## Description of the task
Set down precisely the lines from the line with "North Atlantic Right Whale #2030 was killed" through the end of the material, inclusive, and no pictures.
*** Available data Section Begins ***
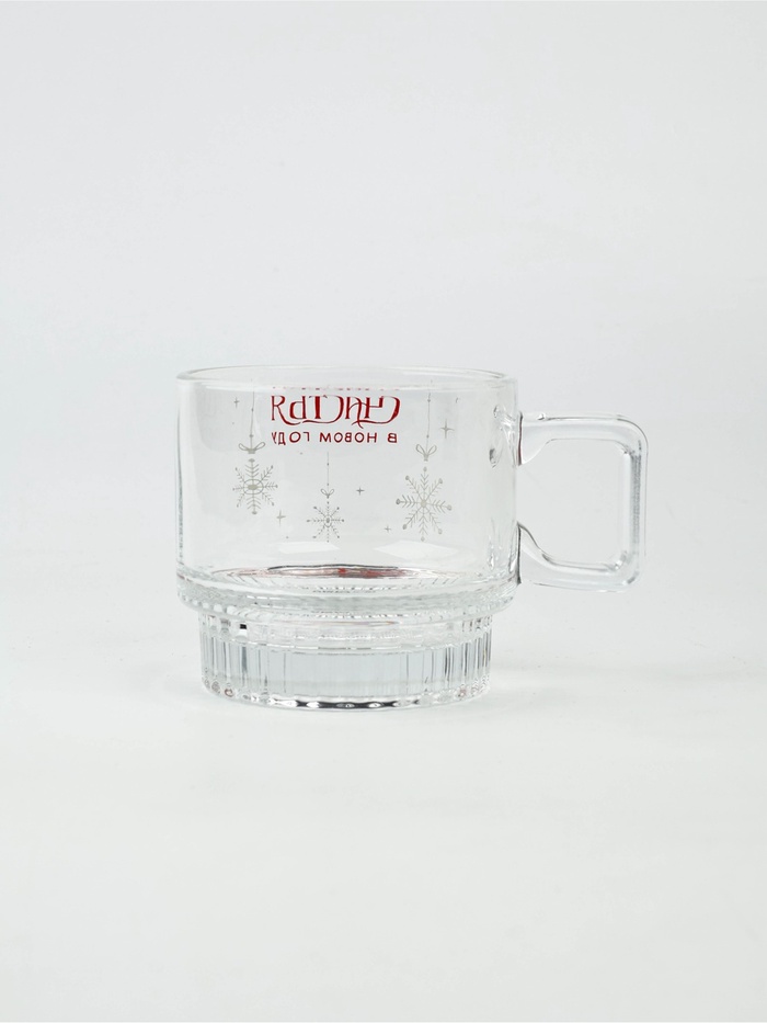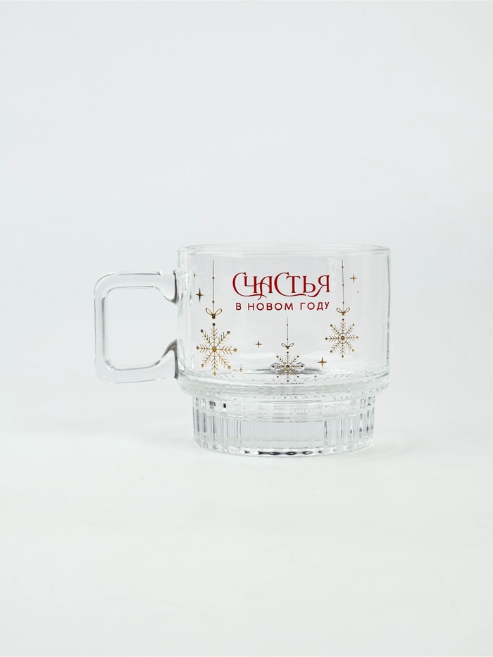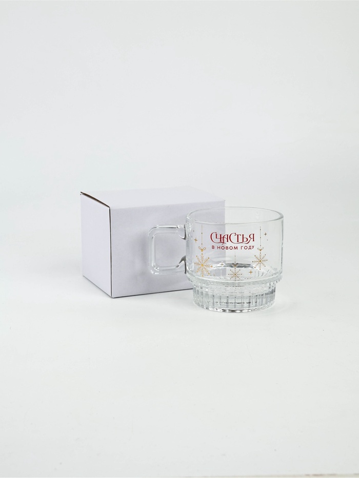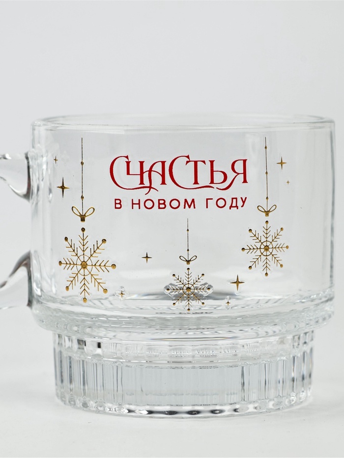 Новогодняя кружка стеклянная объёмом 270 мл — это стильный и практичный аксессуар для вашей кухни или офиса.
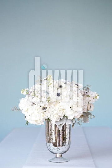 A floral arrangement of white hydrangeas and anemone flowers is displayed in a silver mercury glass vase in front of a light blue wall.
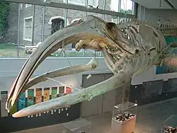 North Atlantic Right Whale #2030 was killed after becoming severely entangled in fishing gear in May 1999. Rescuers attempted to free her, but she fought them off, swimming hundreds of miles before ultimately succumbing to her injuries.[7] Director Warren D. Allmon expressed interest in acquiring the skeleton after being notified on October 21, 1999 by the National Marine Fisheries Service that the 44-foot (13 m) right whale had been spotted dead off the coast of Cape May, New Jersey.[4]: 92 PRI was informed that they could take the skeleton if they assisted with flensing the 30-ton carcass. Three days later, the bones arrived at PRI,[8] where they were buried in a bed of horse manure for several months in order to remove the remaining flesh and oil. After cleaning, North Atlantic Right Whale #2030 was mounted on a steel armature in a greenhouse on-site. The museum building was left open on the northeast end so that the whale could be brought through for installation. In November 2002, the skeleton was transported into the building via crane and mounted in the atrium lobby.[9]
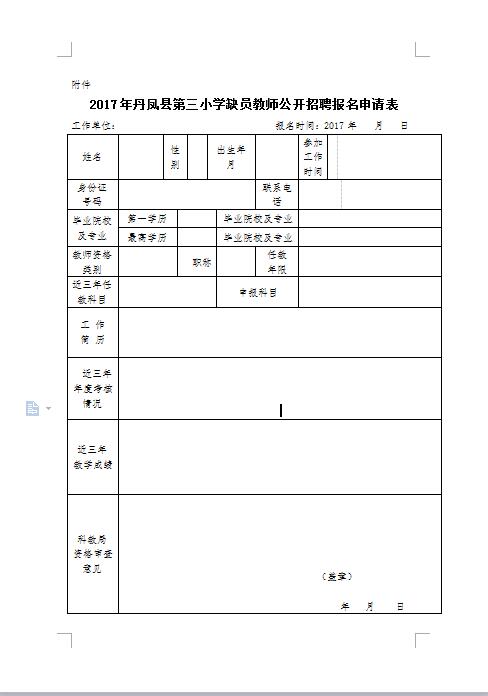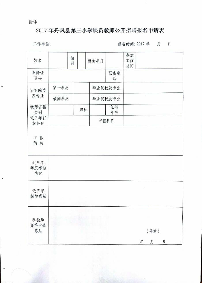 2017年丹鳳縣第三小學缺員教師公開招聘報名申請表
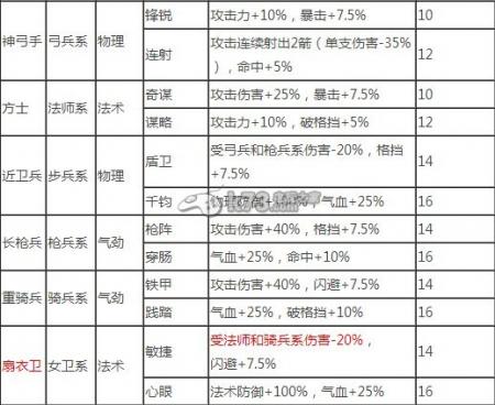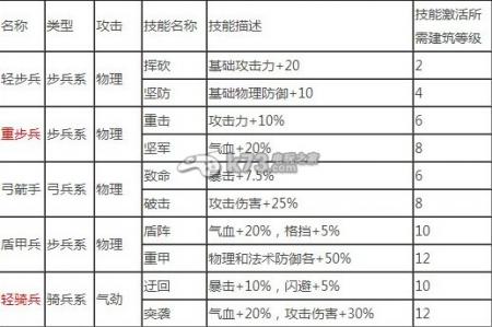 主公莫慌各系兵种技能属性详尽数据大全
*** Available data Section Ends ***
## Answer to this exercise
 North Atlantic Right Whale #2030 was killed after becoming severely entangled in fishing gear in May 1999. Rescuers attempted to free her, but she fought them off, swimming hundreds of miles before ultimately succumbing to her injuries.[7] Director Warren D. Allmon expressed interest in acquiring the skeleton after being notified on October 21, 1999 by the National Marine Fisheries Service that the 44-foot (13 m) right whale had been spotted dead off the coast of Cape May, New Jersey.[4]: 92 PRI was informed that they could take the skeleton if they assisted with flensing the 30-ton carcass. Three days later, the bones arrived at PRI,[8] where they were buried in a bed of horse manure for several months in order to remove the remaining flesh and oil. After cleaning, North Atlantic Right Whale #2030 was mounted on a steel armature in a greenhouse on-site. The museum building was left open on the northeast end so that the whale could be brought through for installation. In November 2002, the skeleton was transported into the building via crane and mounted in the atrium lobby.[9]
 2017年丹鳳縣第三小學缺員教師公開招聘報名申請表
 主公莫慌各系兵种技能属性详尽数据大全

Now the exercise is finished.